▶ _Problem to solve_:
For this exercise, write out only the lines of the entries below from the one with "grande pièce à" up to and including the one with "Минимальная ставка в", exactly as they are. Pictures stay out.

▶ _Extracted material_:
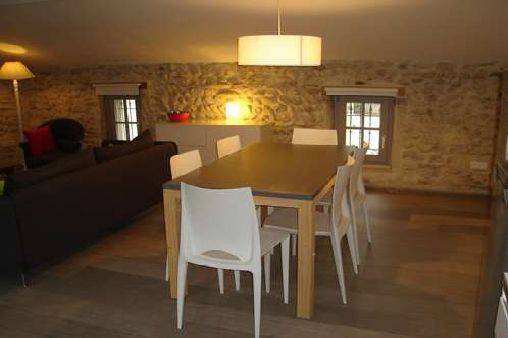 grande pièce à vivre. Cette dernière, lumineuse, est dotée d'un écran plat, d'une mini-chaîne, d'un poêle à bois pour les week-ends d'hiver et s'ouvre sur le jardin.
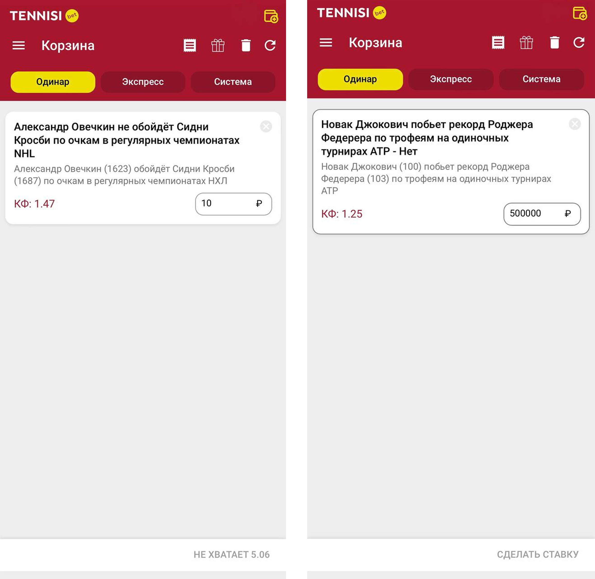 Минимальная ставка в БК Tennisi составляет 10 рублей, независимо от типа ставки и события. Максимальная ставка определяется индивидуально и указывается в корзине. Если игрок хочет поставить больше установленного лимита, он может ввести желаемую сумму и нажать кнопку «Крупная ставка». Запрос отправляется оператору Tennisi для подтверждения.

==

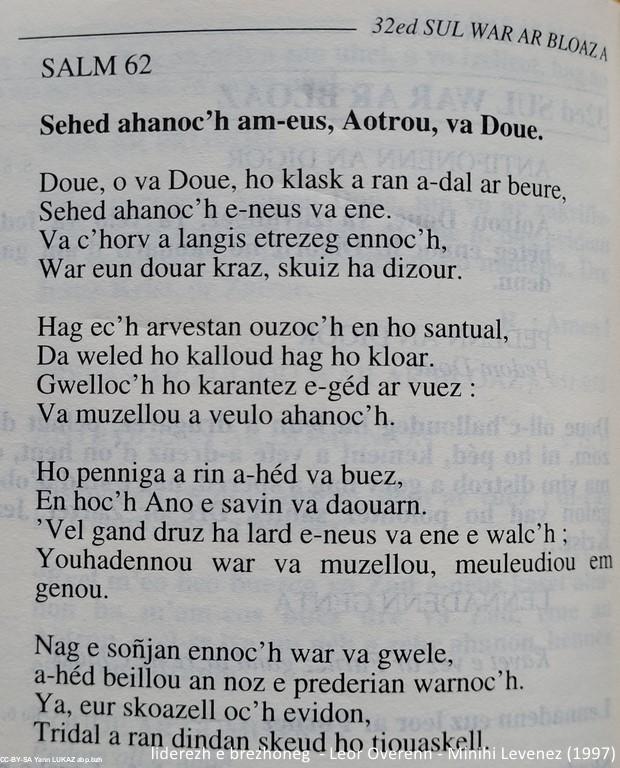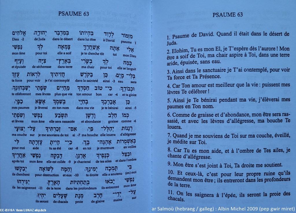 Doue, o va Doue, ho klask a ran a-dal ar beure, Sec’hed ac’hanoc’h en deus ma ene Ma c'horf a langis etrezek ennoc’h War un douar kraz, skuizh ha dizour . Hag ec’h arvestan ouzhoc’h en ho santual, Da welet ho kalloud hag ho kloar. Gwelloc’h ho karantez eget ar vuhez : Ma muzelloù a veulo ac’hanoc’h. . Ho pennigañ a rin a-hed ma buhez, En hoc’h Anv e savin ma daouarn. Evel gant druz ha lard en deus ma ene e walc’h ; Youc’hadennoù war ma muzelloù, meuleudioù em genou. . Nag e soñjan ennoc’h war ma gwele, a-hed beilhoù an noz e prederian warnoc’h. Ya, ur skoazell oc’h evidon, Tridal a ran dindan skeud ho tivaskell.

▶ _Result of the exercise_:
 grande pièce à vivre. Cette dernière, lumineuse, est dotée d'un écran plat, d'une mini-chaîne, d'un poêle à bois pour les week-ends d'hiver et s'ouvre sur le jardin.
 Минимальная ставка в БК Tennisi составляет 10 рублей, независимо от типа ставки и события. Максимальная ставка определяется индивидуально и указывается в корзине. Если игрок хочет поставить больше установленного лимита, он может ввести желаемую сумму и нажать кнопку «Крупная ставка». Запрос отправляется оператору Tennisi для подтверждения.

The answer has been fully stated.